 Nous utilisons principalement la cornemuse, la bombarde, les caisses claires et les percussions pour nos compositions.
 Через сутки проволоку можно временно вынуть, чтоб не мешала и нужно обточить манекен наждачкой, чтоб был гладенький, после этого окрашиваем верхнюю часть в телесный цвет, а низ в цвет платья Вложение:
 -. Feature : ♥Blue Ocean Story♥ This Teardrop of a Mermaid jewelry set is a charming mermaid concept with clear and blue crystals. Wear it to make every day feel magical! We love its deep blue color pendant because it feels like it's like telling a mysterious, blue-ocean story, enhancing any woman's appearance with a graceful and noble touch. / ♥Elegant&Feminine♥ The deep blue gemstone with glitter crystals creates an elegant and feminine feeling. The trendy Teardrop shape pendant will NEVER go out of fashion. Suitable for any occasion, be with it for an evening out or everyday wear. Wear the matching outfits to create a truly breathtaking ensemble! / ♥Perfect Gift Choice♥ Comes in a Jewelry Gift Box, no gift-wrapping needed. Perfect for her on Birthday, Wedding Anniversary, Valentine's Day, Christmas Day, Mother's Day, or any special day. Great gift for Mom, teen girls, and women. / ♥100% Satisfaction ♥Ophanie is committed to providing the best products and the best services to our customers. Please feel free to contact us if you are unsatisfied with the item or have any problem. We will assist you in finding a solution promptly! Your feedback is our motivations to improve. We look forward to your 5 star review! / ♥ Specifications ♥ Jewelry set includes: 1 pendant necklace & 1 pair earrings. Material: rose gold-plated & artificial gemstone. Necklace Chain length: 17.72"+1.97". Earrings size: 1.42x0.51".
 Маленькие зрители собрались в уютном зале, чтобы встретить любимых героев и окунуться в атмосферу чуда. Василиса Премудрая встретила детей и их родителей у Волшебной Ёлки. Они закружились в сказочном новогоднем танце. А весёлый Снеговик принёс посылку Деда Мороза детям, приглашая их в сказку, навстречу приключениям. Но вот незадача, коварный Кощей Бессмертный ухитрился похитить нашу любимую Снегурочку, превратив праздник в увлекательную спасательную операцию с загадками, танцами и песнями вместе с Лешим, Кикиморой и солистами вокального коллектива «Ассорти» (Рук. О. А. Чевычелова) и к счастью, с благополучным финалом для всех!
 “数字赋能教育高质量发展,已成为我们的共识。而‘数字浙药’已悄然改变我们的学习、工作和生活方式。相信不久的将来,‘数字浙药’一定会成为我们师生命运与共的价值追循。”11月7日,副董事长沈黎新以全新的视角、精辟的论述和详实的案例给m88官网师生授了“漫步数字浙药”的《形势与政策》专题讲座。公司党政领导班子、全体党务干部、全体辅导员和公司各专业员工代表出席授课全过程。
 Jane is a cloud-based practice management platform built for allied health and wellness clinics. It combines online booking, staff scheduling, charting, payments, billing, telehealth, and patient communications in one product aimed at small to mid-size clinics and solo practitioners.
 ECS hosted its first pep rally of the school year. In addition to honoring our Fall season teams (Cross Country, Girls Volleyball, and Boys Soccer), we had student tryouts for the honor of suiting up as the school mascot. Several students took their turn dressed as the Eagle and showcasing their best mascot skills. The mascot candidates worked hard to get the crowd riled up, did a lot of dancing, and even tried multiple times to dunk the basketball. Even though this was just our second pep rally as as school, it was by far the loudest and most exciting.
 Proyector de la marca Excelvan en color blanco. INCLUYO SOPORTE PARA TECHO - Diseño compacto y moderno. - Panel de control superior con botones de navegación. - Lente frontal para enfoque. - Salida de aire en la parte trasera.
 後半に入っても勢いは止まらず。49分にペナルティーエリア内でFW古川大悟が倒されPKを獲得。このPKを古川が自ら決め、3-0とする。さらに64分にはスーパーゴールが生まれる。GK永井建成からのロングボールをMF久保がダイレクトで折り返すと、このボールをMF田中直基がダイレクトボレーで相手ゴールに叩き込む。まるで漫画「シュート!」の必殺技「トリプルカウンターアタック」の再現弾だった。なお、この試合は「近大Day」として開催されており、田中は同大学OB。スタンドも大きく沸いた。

WORK INSTRUCTIONS:
Set down the listing again, exactly.

SOLUTION:
 Nous utilisons principalement la cornemuse, la bombarde, les caisses claires et les percussions pour nos compositions.
 Через сутки проволоку можно временно вынуть, чтоб не мешала и нужно обточить манекен наждачкой, чтоб был гладенький, после этого окрашиваем верхнюю часть в телесный цвет, а низ в цвет платья Вложение:
 -. Feature : ♥Blue Ocean Story♥ This Teardrop of a Mermaid jewelry set is a charming mermaid concept with clear and blue crystals. Wear it to make every day feel magical! We love its deep blue color pendant because it feels like it's like telling a mysterious, blue-ocean story, enhancing any woman's appearance with a graceful and noble touch. / ♥Elegant&Feminine♥ The deep blue gemstone with glitter crystals creates an elegant and feminine feeling. The trendy Teardrop shape pendant will NEVER go out of fashion. Suitable for any occasion, be with it for an evening out or everyday wear. Wear the matching outfits to create a truly breathtaking ensemble! / ♥Perfect Gift Choice♥ Comes in a Jewelry Gift Box, no gift-wrapping needed. Perfect for her on Birthday, Wedding Anniversary, Valentine's Day, Christmas Day, Mother's Day, or any special day. Great gift for Mom, teen girls, and women. / ♥100% Satisfaction ♥Ophanie is committed to providing the best products and the best services to our customers. Please feel free to contact us if you are unsatisfied with the item or have any problem. We will assist you in finding a solution promptly! Your feedback is our motivations to improve. We look forward to your 5 star review! / ♥ Specifications ♥ Jewelry set includes: 1 pendant necklace & 1 pair earrings. Material: rose gold-plated & artificial gemstone. Necklace Chain length: 17.72"+1.97". Earrings size: 1.42x0.51".
 Маленькие зрители собрались в уютном зале, чтобы встретить любимых героев и окунуться в атмосферу чуда. Василиса Премудрая встретила детей и их родителей у Волшебной Ёлки. Они закружились в сказочном новогоднем танце. А весёлый Снеговик принёс посылку Деда Мороза детям, приглашая их в сказку, навстречу приключениям. Но вот незадача, коварный Кощей Бессмертный ухитрился похитить нашу любимую Снегурочку, превратив праздник в увлекательную спасательную операцию с загадками, танцами и песнями вместе с Лешим, Кикиморой и солистами вокального коллектива «Ассорти» (Рук. О. А. Чевычелова) и к счастью, с благополучным финалом для всех!
 “数字赋能教育高质量发展,已成为我们的共识。而‘数字浙药’已悄然改变我们的学习、工作和生活方式。相信不久的将来,‘数字浙药’一定会成为我们师生命运与共的价值追循。”11月7日,副董事长沈黎新以全新的视角、精辟的论述和详实的案例给m88官网师生授了“漫步数字浙药”的《形势与政策》专题讲座。公司党政领导班子、全体党务干部、全体辅导员和公司各专业员工代表出席授课全过程。
 Jane is a cloud-based practice management platform built for allied health and wellness clinics. It combines online booking, staff scheduling, charting, payments, billing, telehealth, and patient communications in one product aimed at small to mid-size clinics and solo practitioners.
 ECS hosted its first pep rally of the school year. In addition to honoring our Fall season teams (Cross Country, Girls Volleyball, and Boys Soccer), we had student tryouts for the honor of suiting up as the school mascot. Several students took their turn dressed as the Eagle and showcasing their best mascot skills. The mascot candidates worked hard to get the crowd riled up, did a lot of dancing, and even tried multiple times to dunk the basketball. Even though this was just our second pep rally as as school, it was by far the loudest and most exciting.
 Proyector de la marca Excelvan en color blanco. INCLUYO SOPORTE PARA TECHO - Diseño compacto y moderno. - Panel de control superior con botones de navegación. - Lente frontal para enfoque. - Salida de aire en la parte trasera.
 後半に入っても勢いは止まらず。49分にペナルティーエリア内でFW古川大悟が倒されPKを獲得。このPKを古川が自ら決め、3-0とする。さらに64分にはスーパーゴールが生まれる。GK永井建成からのロングボールをMF久保がダイレクトで折り返すと、このボールをMF田中直基がダイレクトボレーで相手ゴールに叩き込む。まるで漫画「シュート!」の必殺技「トリプルカウンターアタック」の再現弾だった。なお、この試合は「近大Day」として開催されており、田中は同大学OB。スタンドも大きく沸いた。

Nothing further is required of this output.